MiniImp and MiniRISC have differently organized nodes:

• MiniImp:

  • contents: a single statement (nodes represent minimal blocks, both for ease of implementation and to help the defined-variable analysis);

  • data: def-in and def-out sets for defined variable analysis and an integer value, only used in conditional nodes, containing the ID of the dummy block placed after the conditional. This value is used in the code generation phase to generate instructions in the correct order (more details in the code generation section).

• MiniRISC:

  • contents: a sequence of instructions implementing the corresponding MiniImp statement;

  • data: live_in and live_out sets for liveness analysis as well as the same integer value as above.

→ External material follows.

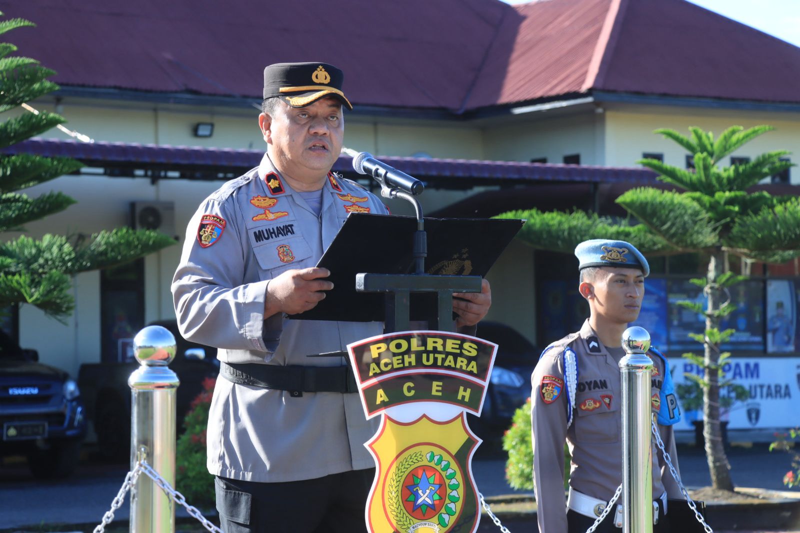 Upacara tersebut berlangsung khidmat dan tertib, diikuti oleh para pejabat utama Polres Aceh Utara serta seluruh personel yang dipimpin oleh Wakapolres Aceh Utara, Kompol Muhayat Effendie.

For both of them, jump is a variant defined as

type jump =
    | Target of T.id
    | Branch of T.guard * T.id * T.id
    | Halt

Defined Variable Analysis

This analysis is performed on the MiniImp CFG by recursively recomputing def_in and def_out sets until a fixpoint is reached. The analysis is simplified by the fact that the MiniImp CFG is generated as a minimal-block CFG: each block only contains a single statement, meaning we don't have to consider the fact that a variable used in a statement might be defined in another statement in the same block.

Liveness Analysis

Like the prevoius analysis, liveness analysis is performed by recursively recomputing sets (live_in and live_out) associated with each block until a fixpoint is reached. This time, the analysis is performed on the MiniRISC CFG, as the live ranges of registers are needed for later phases.

Register Merging

Virtual registers whose live ranges do not overlap can be safely merged. The algorithm to do so keeps track, for each register, of the set of CFG nodes for which the register itself is "live in". Any two registers for which the intersection of the respective sets is empty are merged into one.

Register Allocation

To map virtual registers to the k physical registers available on the target machine, we perform global register allocation using greedy graph coloring. First, we build the interference graph by using the live ranges of the virtual registers, then we perform greedy graph coloring to find a (k-2)-coloring for the graph (where the $-2$ accounts for the presence of registers dedicated to spills). Since nodes correspond to virtual registers and colors to physical ones, this coloring gives us the mapping we need.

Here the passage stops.